Вещи менялись, совершенствовались, странствовали по свету, переходя от народа к народу, из страны в страну, прежде чем дошли до нас.
Любопытные сведения о вещах даются в книге "Сто тысяч почему" не в виде занимательной смеси, которою иногда развлекают читателей журналы в часы досуга. У Ильина они неразрывно связаны с историей быта и нравов различных эпох.
"Путешествие по комнате" учит внимательнее вглядываться в окружающую обстановку и глубже вдумываться в те простые повседневные явления, которые многие из нас только называют, не давая себе труда разобраться в их сущности — например: почему дрова в печке трещат, почему мыло моет, бывает ли у огня тень, и т. д.
В этой книге, как и в других, Ильин стремится показать читателю, насколько интереснее, шире и глубже становится мир обыкновенных вещей, если смотреть на них понимающим взглядом.
Работа над "маленькой энциклопедией", состоящей из первых пяти книг, требовала от Ильина не только поисков предельно ясного стиля, но и овладения очень большим и разнообразным материалом, относящимся к разным векам и странам.

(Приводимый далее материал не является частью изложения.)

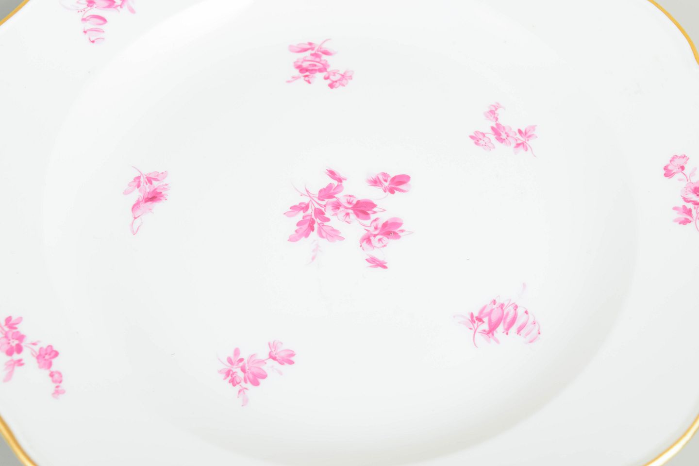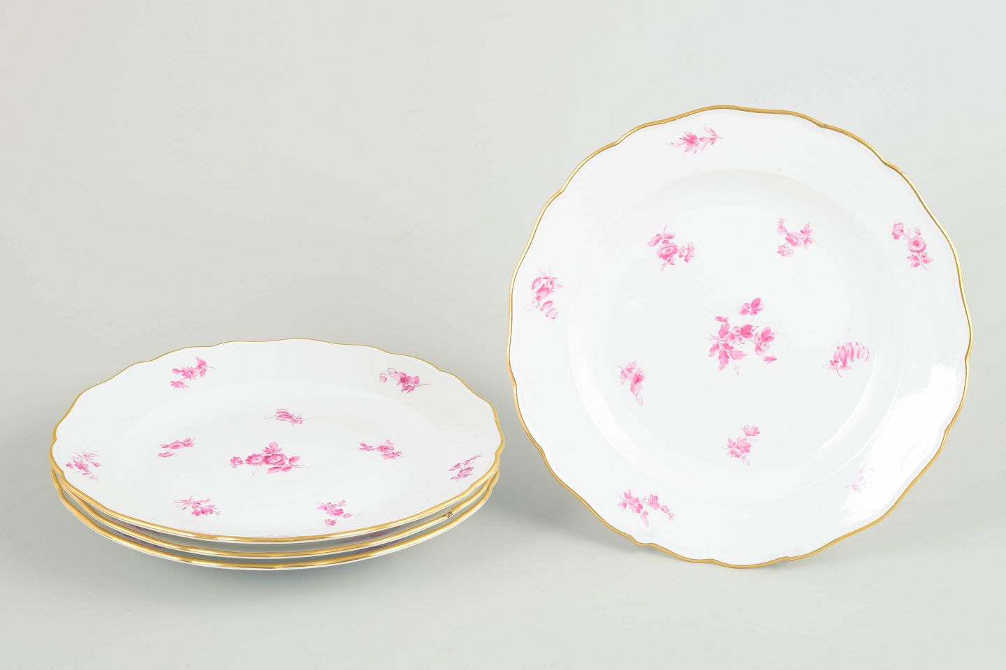 Porcelænstallerkener med let bølget fane, forgyldt kant og håndmalet dekoration i rosa blomster. Klassisk Meissen-udtryk fra perioden omkring år 1900.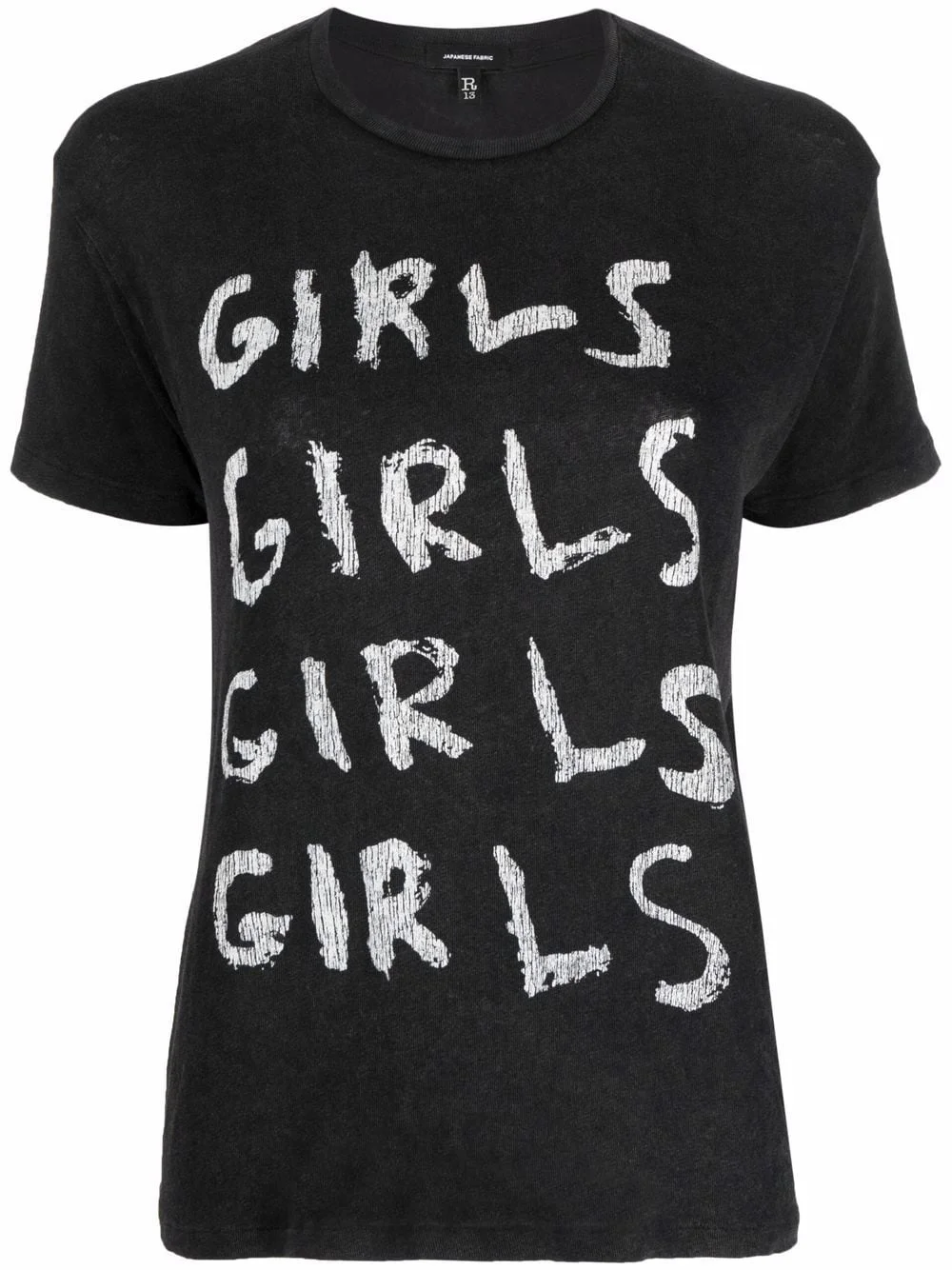 slogan-print short-sleeved T-shirt Cut from cotton with a faded effect to showcase the brand's irreverent spirit, this R13 T-shirt is printed with a 'Girls Girls Girls' slogan on the front. Imported Composition Cotton 97%, Spandex/Elastane 3% Washing instructions Machine Wash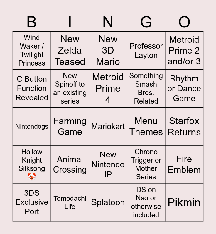 This bingo card has a free space and 24 words: Animal Crossing, Tomodachi Life, Metroid Prime 4, 3DS Exclusive Port, Metroid Prime 2 and/or 3, Wind Waker / Twilight Princess, C Button Function Revealed, New Zelda Teased, Menu Themes, New Nintendo IP, Something Smash Bros. Related, Nintendogs, Chrono Trigger or Mother Series, Fire Emblem, New Spinoff to an existing series, DS on Nso or otherwise included, Starfox Returns, New 3D Mario, Rhythm or Dance Game, Farming Game, Pikmin, Hollow Knight Silksong 🤡, Professor Layton and Splatoon.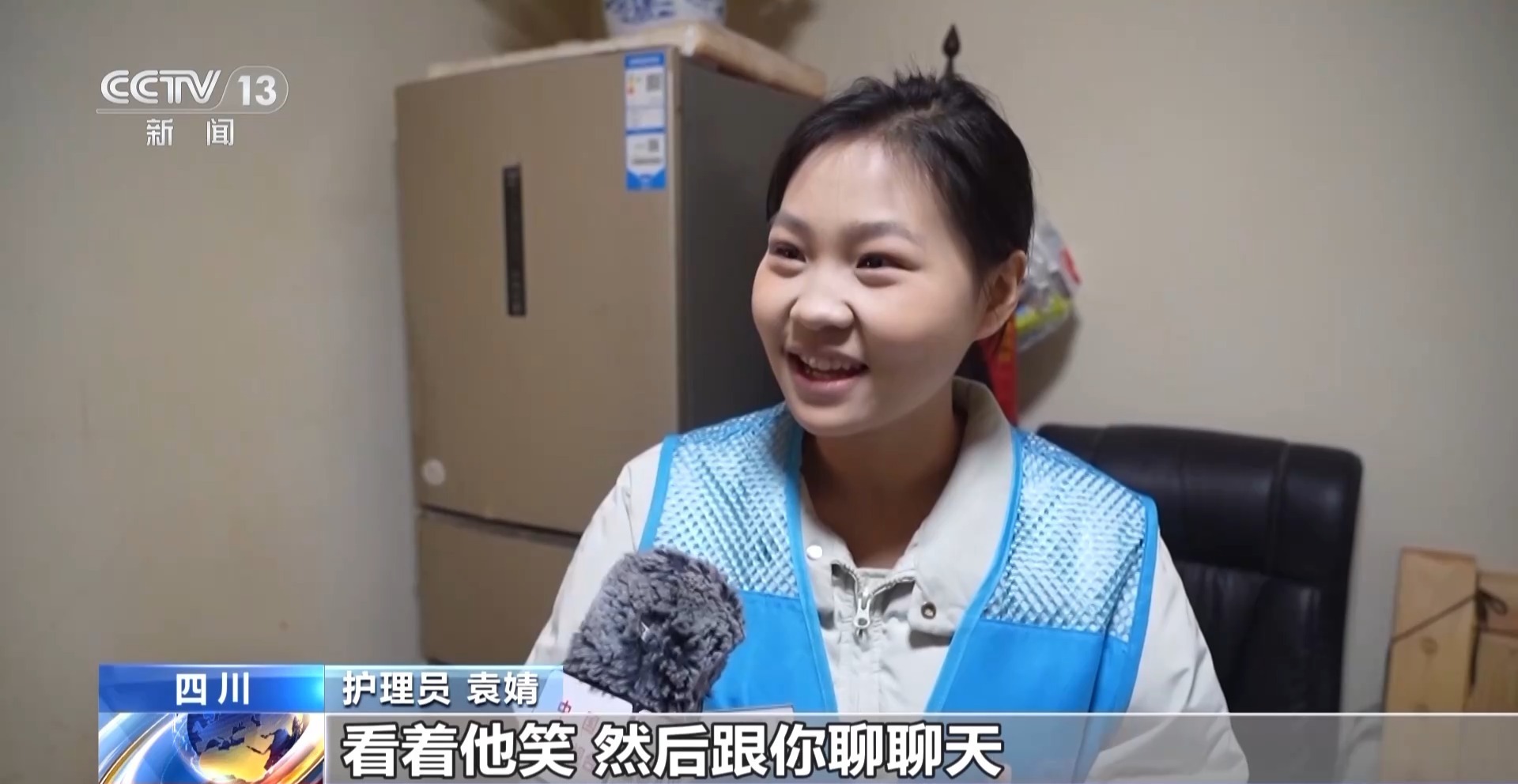 护理员 袁婧:感觉我年纪太小了,太年轻了,去干这个行业,家属可能觉得你不够专业,但是自己一次次上门之后,他就发现你还是很有专业技能的,就慢慢地认可我。像爷爷最开始他不愿意搭理我,不跟我说话,我就上门陪他,陪爷爷聊天,你看着他笑,跟你聊聊天,你就会非常开心,我觉得很有成就感。

Так жил он и работал, деля свое время между заводской лабораторией и письменным столом, пока болезнь не принудила его оставить город, а затем и завод.
В сущности, от болезни зависели почти все перемены и повороты в его внешней жизни.
И если наконец ему довелось целиком отдаться литературным трудам, то и этим он был обязан своему старому врагу — болезни.
Именно тогда, отказавшись от работы на заводе, он и взялся за книгу, окончательно определившую его дальнейший путь.
Покинув Ленинград, Ильин поселился в городе-парке, который в то время назывался Детским Селом, а теперь носит имя Пушкина.